---------- Exercise input ----------
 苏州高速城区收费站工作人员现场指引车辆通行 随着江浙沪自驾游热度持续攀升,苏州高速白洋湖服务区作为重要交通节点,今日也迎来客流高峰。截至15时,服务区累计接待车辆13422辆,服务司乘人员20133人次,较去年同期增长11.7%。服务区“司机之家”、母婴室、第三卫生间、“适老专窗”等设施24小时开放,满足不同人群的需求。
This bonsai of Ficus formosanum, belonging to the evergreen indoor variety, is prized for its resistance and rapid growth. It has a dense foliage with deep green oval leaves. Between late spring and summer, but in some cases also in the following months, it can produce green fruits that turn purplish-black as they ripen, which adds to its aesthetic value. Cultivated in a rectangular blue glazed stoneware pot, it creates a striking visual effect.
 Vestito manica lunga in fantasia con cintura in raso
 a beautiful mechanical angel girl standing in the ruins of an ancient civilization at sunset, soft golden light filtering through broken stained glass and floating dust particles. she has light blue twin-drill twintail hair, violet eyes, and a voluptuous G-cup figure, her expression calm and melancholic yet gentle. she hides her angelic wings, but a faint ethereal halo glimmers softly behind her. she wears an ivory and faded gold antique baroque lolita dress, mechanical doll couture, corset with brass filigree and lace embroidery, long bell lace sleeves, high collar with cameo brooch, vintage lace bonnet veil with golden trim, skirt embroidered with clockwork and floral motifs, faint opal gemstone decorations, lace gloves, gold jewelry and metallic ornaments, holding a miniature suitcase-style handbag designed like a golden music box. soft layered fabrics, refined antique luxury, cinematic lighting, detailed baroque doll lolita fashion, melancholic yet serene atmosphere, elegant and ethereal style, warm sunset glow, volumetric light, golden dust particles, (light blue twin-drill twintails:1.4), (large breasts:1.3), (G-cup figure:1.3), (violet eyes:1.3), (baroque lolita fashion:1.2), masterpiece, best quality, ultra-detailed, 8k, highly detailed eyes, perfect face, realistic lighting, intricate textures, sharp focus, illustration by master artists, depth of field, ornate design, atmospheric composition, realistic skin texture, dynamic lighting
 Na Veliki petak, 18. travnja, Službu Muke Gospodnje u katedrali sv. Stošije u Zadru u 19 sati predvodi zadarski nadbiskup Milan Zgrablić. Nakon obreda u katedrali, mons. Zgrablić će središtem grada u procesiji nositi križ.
----------
---------- Exercise input ----------
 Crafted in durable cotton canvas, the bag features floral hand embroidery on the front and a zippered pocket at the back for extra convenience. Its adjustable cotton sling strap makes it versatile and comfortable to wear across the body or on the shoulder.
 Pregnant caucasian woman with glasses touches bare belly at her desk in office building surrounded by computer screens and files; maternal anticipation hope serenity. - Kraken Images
----------
Directions:
Nothing should appear in the answer except the lines above from the line with "苏州高速城区收费站工作人员现" through the line with "Vestito manica lunga", both included, written out exactly.

Solution to this exercise:
 苏州高速城区收费站工作人员现场指引车辆通行 随着江浙沪自驾游热度持续攀升,苏州高速白洋湖服务区作为重要交通节点,今日也迎来客流高峰。截至15时,服务区累计接待车辆13422辆,服务司乘人员20133人次,较去年同期增长11.7%。服务区“司机之家”、母婴室、第三卫生间、“适老专窗”等设施24小时开放,满足不同人群的需求。
This bonsai of Ficus formosanum, belonging to the evergreen indoor variety, is prized for its resistance and rapid growth. It has a dense foliage with deep green oval leaves. Between late spring and summer, but in some cases also in the following months, it can produce green fruits that turn purplish-black as they ripen, which adds to its aesthetic value. Cultivated in a rectangular blue glazed stoneware pot, it creates a striking visual effect.
 Vestito manica lunga in fantasia con cintura in raso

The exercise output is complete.